# What is needed:
For this exercise, repeat the whole listing below exactly. Leave the pictures out.

# Input data:
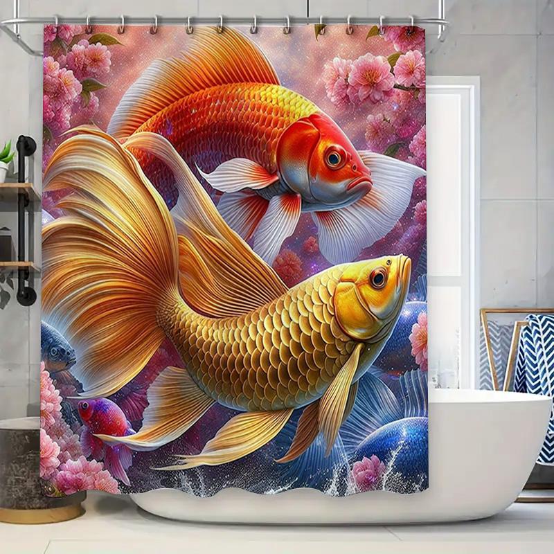 Goldfish Shower Curtain Wall Deco with Pink Blossoms Bath Decor Artistic Waterproof Print Home Decoration 3D Fabric Shower Panel
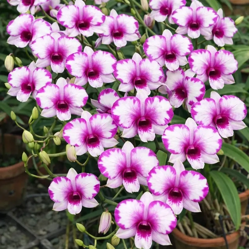 Dendrobium Prakai Kanya is a delightful orchid prized for its elegant contrast of pure white petals highlighted by rich violet-purple throats. The blooms appear in clusters along upright canes, creating a graceful and eye-catching display that suits both modern interiors and orchid collections.
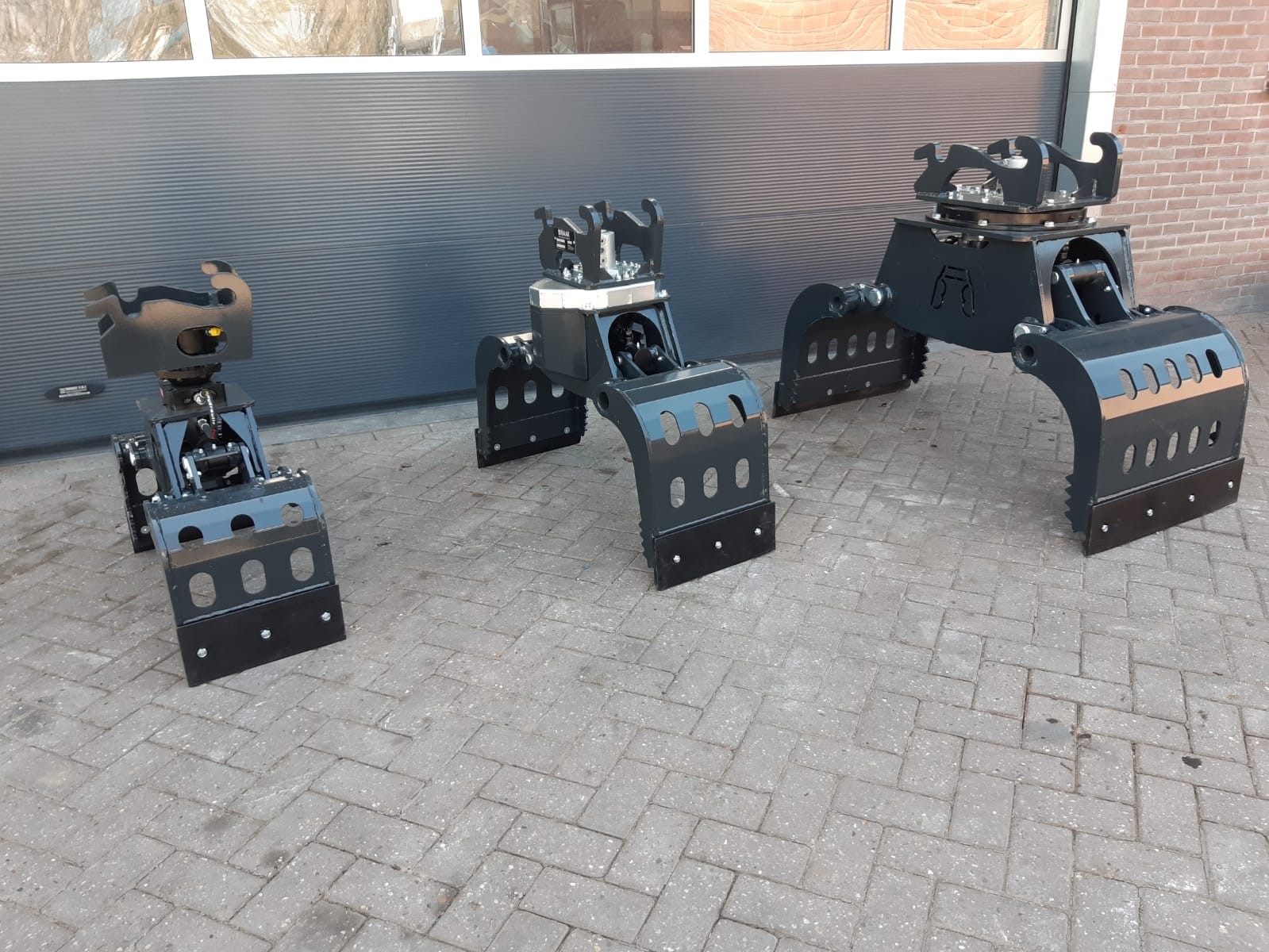 Wij kunnen de grijpers en draaikantelstuk pas maken aan uw machine.
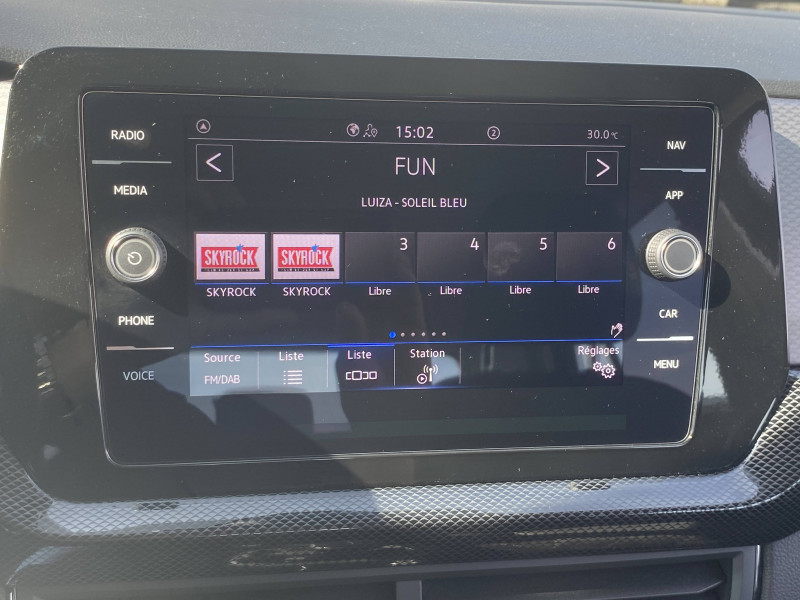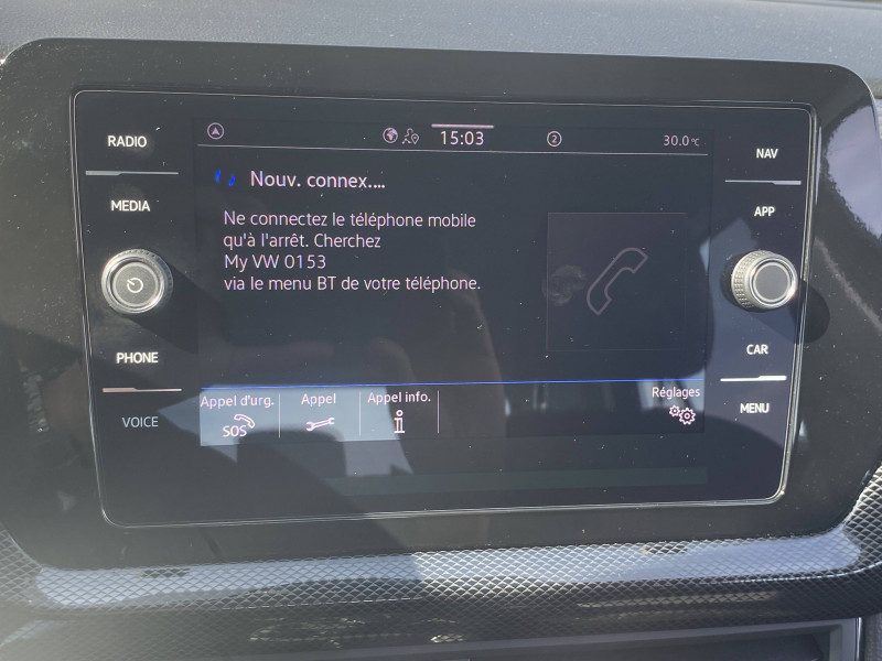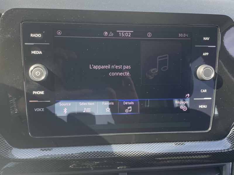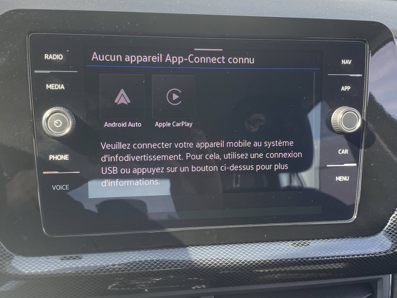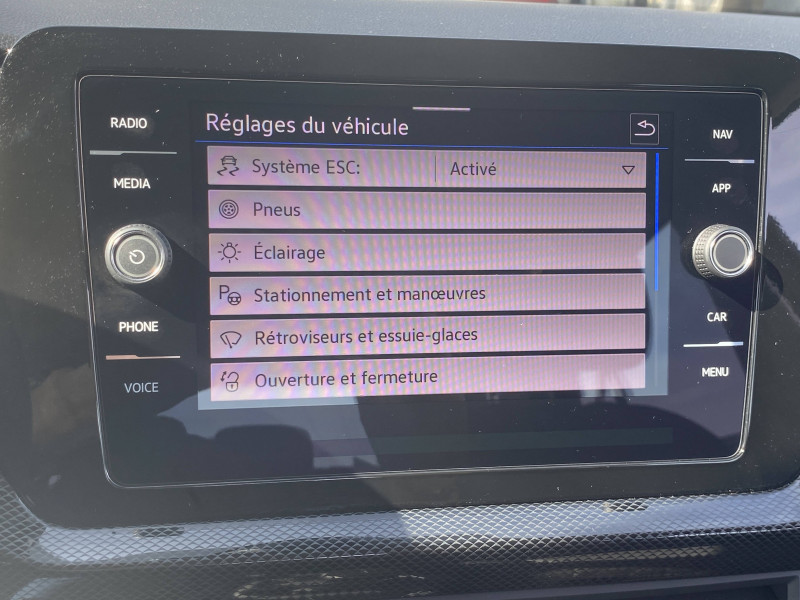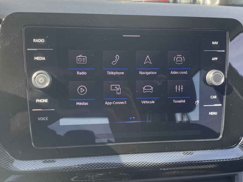 Caméra de recul "Rear view": Plus qu'une caméra de recul, elle affiche des indications visuelles sur l'écran central pour vous faciliter les manoeuvres de recul et de stationnement / Ceintures de sécurité automatiques AV 3 points à enrouleur, réglables en hauteur, avec prétensionneurs / Climatisation automatique tactile "Climatronic" bi-zone avec filtre anti-allergène réglable séparément pour le conducteur et le passager AV / E-call service: Appel d'urgence manuel ou automatique / Jantes alliage léger 6J x 16 "Nottingham" argent, pneumatiques 205/60 R16 / Park Pilot: radars d'aide au stationnement AV/AR avec signaux acoustiques en cas d'obstacles / Poignée de frein à main en cuir / Pommeau du levier de vitesse cuir / Projecteurs principaux LED / Radionavigation 6 HP AV/AR (4x20W) avec: Système Navigation & Infotainment "Discover Media" avec Services de streaming et radio via Internet via carte eSIM intégrée Écran couleur tactile 8" haute résolution (800x480) Double tuner FM Affichage de la plage de lecture, du logo de la station à l'écoute Lecture des formats audio MP3 Port USB-C compatible Apple Affichage de la carte en 2D Affichage des logos des Points d'intéret, des limitations de vitesse, des zones de danger, etc. Interface Bluetooth avec fonction Audio Streaming A2DP Préparation pour "VW Connect" et "VW Connect Plus" / Rétroviseur intérieur jour/nuit automatique / Système Front Assist avec fonction de secours en ville et détection des piétons: contribuant à la prévention des collisions, ce système freine automatiquement le véhicule en cas de détection d'obstacle aussi bien en ville que sur autoroute / Volant multifonction cuir avec palettes au volant / 2 ports USB-C de recharge à l'AR / App-Connect sans fil, affichage et contrôle via l'écran tactile de la voiture du contenu, des fonctions et des applications compatibles présents sur le Smartphone (compatibilité avec les systèmes Apple CarPlay et Android Auto). Fonction sans fil uniquement disponible avec Apple CarPlay / Appuis lombaires réglables AV / Appuis-tête AR (3) et ceintures de sécurité 3 points (3) sur la banquette AR / Assistant de conduite semi-autonome "Travel Assist" / Avertisseur de non bouclage des ceintures de sécurité / Boîte de rangement sous siège passager AV / Correcteur électronique de trajectoire ESP, système d'antiblocage de roues ABS, EDL, EDTC, antipatinage électronique ASR / Câble adaptateur USB-C vers USB-A / Digital Cockpit : combiné d'instruments entièrement digital de 8" / Fatigue Detection : système de détection de fatigue du conducteur qui analyse le comportement du conducteur et recommande un temps de repos par l'apparition d'un message visuel et sonore / Lane Assist: Assistant de maintien de trajectoire qui corrige, dans la limite du système, le mouvement du volant avant que le véhicule dépasse involontairement la bande de roulement. Système actif à partir de 65 km/h / Oeillets d'arrimage ISOFIX (dispositif pour fixation de 2 sièges enfants sur les places extérieures de la banquette AR et 1 siège enfant sur le siège passager AV) / Rampes de pavillon noires / Roue de secours à encombrement réduit, outillage de bord et cric (vitesse limitée à 80 km/h) / Siège passager AV rabattable / Système Start/Stop avec dispositif de récupération de l'énergie au freinage / Tapis de sol AV/AR / Témoin d'alerte de niveau de lave glace

# Output:
 Goldfish Shower Curtain Wall Deco with Pink Blossoms Bath Decor Artistic Waterproof Print Home Decoration 3D Fabric Shower Panel
 Dendrobium Prakai Kanya is a delightful orchid prized for its elegant contrast of pure white petals highlighted by rich violet-purple throats. The blooms appear in clusters along upright canes, creating a graceful and eye-catching display that suits both modern interiors and orchid collections.
 Wij kunnen de grijpers en draaikantelstuk pas maken aan uw machine.
 Caméra de recul "Rear view": Plus qu'une caméra de recul, elle affiche des indications visuelles sur l'écran central pour vous faciliter les manoeuvres de recul et de stationnement / Ceintures de sécurité automatiques AV 3 points à enrouleur, réglables en hauteur, avec prétensionneurs / Climatisation automatique tactile "Climatronic" bi-zone avec filtre anti-allergène réglable séparément pour le conducteur et le passager AV / E-call service: Appel d'urgence manuel ou automatique / Jantes alliage léger 6J x 16 "Nottingham" argent, pneumatiques 205/60 R16 / Park Pilot: radars d'aide au stationnement AV/AR avec signaux acoustiques en cas d'obstacles / Poignée de frein à main en cuir / Pommeau du levier de vitesse cuir / Projecteurs principaux LED / Radionavigation 6 HP AV/AR (4x20W) avec: Système Navigation & Infotainment "Discover Media" avec Services de streaming et radio via Internet via carte eSIM intégrée Écran couleur tactile 8" haute résolution (800x480) Double tuner FM Affichage de la plage de lecture, du logo de la station à l'écoute Lecture des formats audio MP3 Port USB-C compatible Apple Affichage de la carte en 2D Affichage des logos des Points d'intéret, des limitations de vitesse, des zones de danger, etc. Interface Bluetooth avec fonction Audio Streaming A2DP Préparation pour "VW Connect" et "VW Connect Plus" / Rétroviseur intérieur jour/nuit automatique / Système Front Assist avec fonction de secours en ville et détection des piétons: contribuant à la prévention des collisions, ce système freine automatiquement le véhicule en cas de détection d'obstacle aussi bien en ville que sur autoroute / Volant multifonction cuir avec palettes au volant / 2 ports USB-C de recharge à l'AR / App-Connect sans fil, affichage et contrôle via l'écran tactile de la voiture du contenu, des fonctions et des applications compatibles présents sur le Smartphone (compatibilité avec les systèmes Apple CarPlay et Android Auto). Fonction sans fil uniquement disponible avec Apple CarPlay / Appuis lombaires réglables AV / Appuis-tête AR (3) et ceintures de sécurité 3 points (3) sur la banquette AR / Assistant de conduite semi-autonome "Travel Assist" / Avertisseur de non bouclage des ceintures de sécurité / Boîte de rangement sous siège passager AV / Correcteur électronique de trajectoire ESP, système d'antiblocage de roues ABS, EDL, EDTC, antipatinage électronique ASR / Câble adaptateur USB-C vers USB-A / Digital Cockpit : combiné d'instruments entièrement digital de 8" / Fatigue Detection : système de détection de fatigue du conducteur qui analyse le comportement du conducteur et recommande un temps de repos par l'apparition d'un message visuel et sonore / Lane Assist: Assistant de maintien de trajectoire qui corrige, dans la limite du système, le mouvement du volant avant que le véhicule dépasse involontairement la bande de roulement. Système actif à partir de 65 km/h / Oeillets d'arrimage ISOFIX (dispositif pour fixation de 2 sièges enfants sur les places extérieures de la banquette AR et 1 siège enfant sur le siège passager AV) / Rampes de pavillon noires / Roue de secours à encombrement réduit, outillage de bord et cric (vitesse limitée à 80 km/h) / Siège passager AV rabattable / Système Start/Stop avec dispositif de récupération de l'énergie au freinage / Tapis de sol AV/AR / Témoin d'alerte de niveau de lave glace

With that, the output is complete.